In response to concerns about the increased potential for fraud in any non-full escrow structures, some regional centers have tried to find a middle ground. In their escrow arrangements they include language that allows for a staggered release of EB-5 capital based on the occurrence of multiple events.

Staggered Release EB-5 Escrow Example: $200,000 is released immediately upon the EB-5 investor filing his or her I-526 petition. An additional $200,000 is released once 50% of the EB-5 subscribers have received I-526 approval and the remaining $100,000 is released upon the specific investor receiving his or her I-526 approval.

This type of arrangement helps the project receive funding on a faster timeline while also maintaining reserves to pay back EB-5 investors immediately in the event that their specific I-526 petition is denied. Such creative solutions have been widely advertised as a win-win. However, that is not necessarily the case. Even if this type of escrow arrangement works as intended, the potential for fraud significantly increases. Either the regional center, the developer, or the project company will have access to a portion of the EB-5 capital immediately (i.e. before the USCIS has time to pass judgment on the investor’s I-526 petition as well as on the project). If the regional center or any regional center affiliates intend to commit fraud or other deceptive acts, their opportunity to do so would arise at this stage. While the use of this type of EB-5 escrow structure is not inherently fraudulent or illegal, it does lend itself to a greater potential for fraud.

If developers truly need a faster release of EB-5 capital they can enter into bridge financing arrangements with banks as well as other commercial EB-5 bridge lenders. Several prominent banks, such as Citi, have established dedicated teams that will lend money to developers to begin their projects while I-526 petitions are adjudicated by the USCIS. This type of bridge financing arrangement has proven to be successful while still allowing an EB-5 investor to maintain the security of a full escrow agreement.

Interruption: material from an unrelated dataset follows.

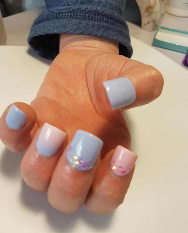 - Design : Dégradé de bleu et rose , rose et bleu uni et pailletés

Practice Pointer: If a regional center or developer claims that a staggered release escrow agreement is the only way a project will succeed, EB-5 investors should exercise extreme caution. Such a claim may indicate that EB-5 bridge lenders have declined to lend to the regional center or project out of fear that the project is too risky or that there is insufficient collateral.

With an exponential increase in regional center approvals over the past few years, EB-5 investors should settle for nothing less than full escrow arrangements. It is understandable that regional centers will try to speed up the release of EB-5 capital, however, a prudent EB-5 investor should continue to demand nothing short of a full escrow agreement. Ultimately, alternatives such as bridge financing arrangements can alleviate a developer’s need for an expedited release of EB-5 capital without diminishing safety for investors.